For the Giants, defensive ends Jason Pierre-Paul and Justin Tuck have both performed well against the run, but poorly as pass rushers this season. Both rank in the bottom five among 4-3 defensive ends in Pass Rush Productivity, but also in the Top 10 in Run Stop Percentage. A strong performance in both facets would give a big boost to New York’s defense. The Chiefs must be happy to still have the services of Branden Albert, whose 96.3 Pass Blocking Efficiency has helped maintain a clean pocket for Alex Smith. However, they have to be disappointed with the start of first overall pick Eric Fisher, as he’s performed equally bad in both run blocking (-3.7) and pass protection (-3.5). Will this week be his coming out party, or will New York’s ends step up their pass rush?
How Much of an Impact Will Jamaal Charles Make?

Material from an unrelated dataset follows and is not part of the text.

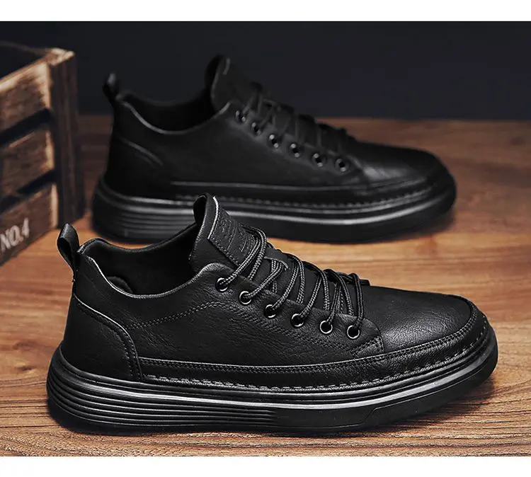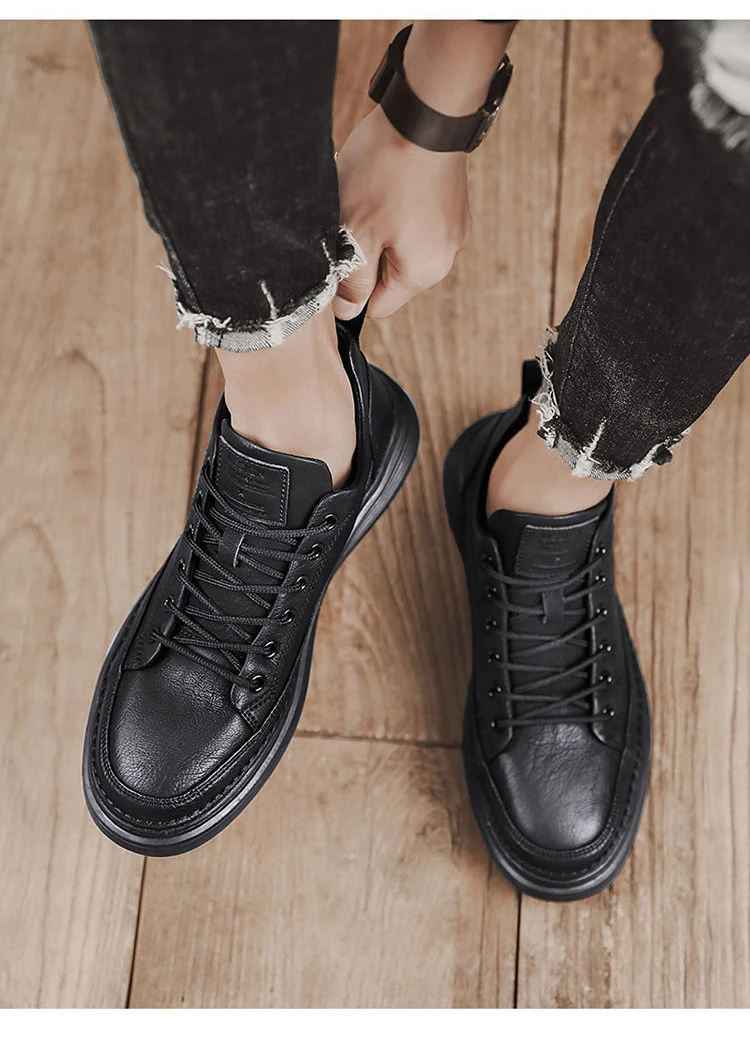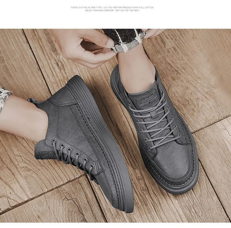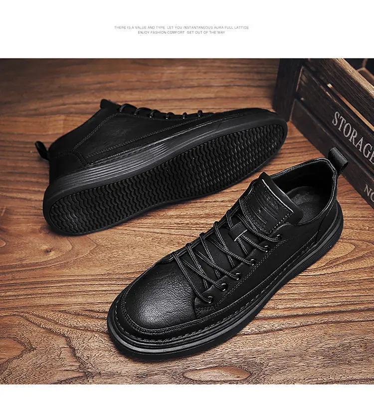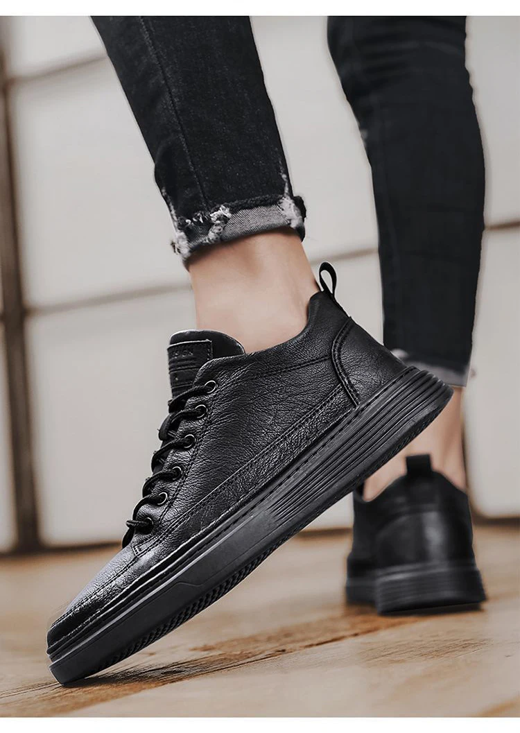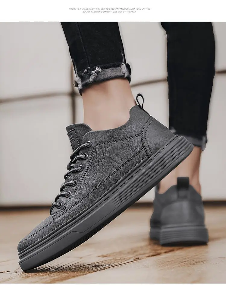Oulylan Men Leather Waterproof Casual Shoes Fashion Non Slip Board Shoes Thick Soled Lace Up Sneakers

At the moment, Jamaal Charles sits at 4.3 yards per carry for the season, a full yard lower than last season’s average. While still a respectable average, Charles is used to much more. His long run of the season is only 18 yards, and considering all of the holes in the Giants’ defense, one or two of his trademark breakaway runs could very well be the difference in the game this Sunday. The area where the Chiefs have really been utilizing Charles to the fullest is the passing game. Through three games, he has caught 18 of 24 targets for 151 yards and a touchdown, forcing seven missed tackles along the way. Andy Reid simply knows how to get his running backs going as receivers, and Charles is just the most recent. Averaging 23.3 touches per game, everyone on the field knows that Charles will be the focal point of the offense. The entire Giants defense will have to keep close tabs on him at all times, but the big question is can they contain him for all four quarters?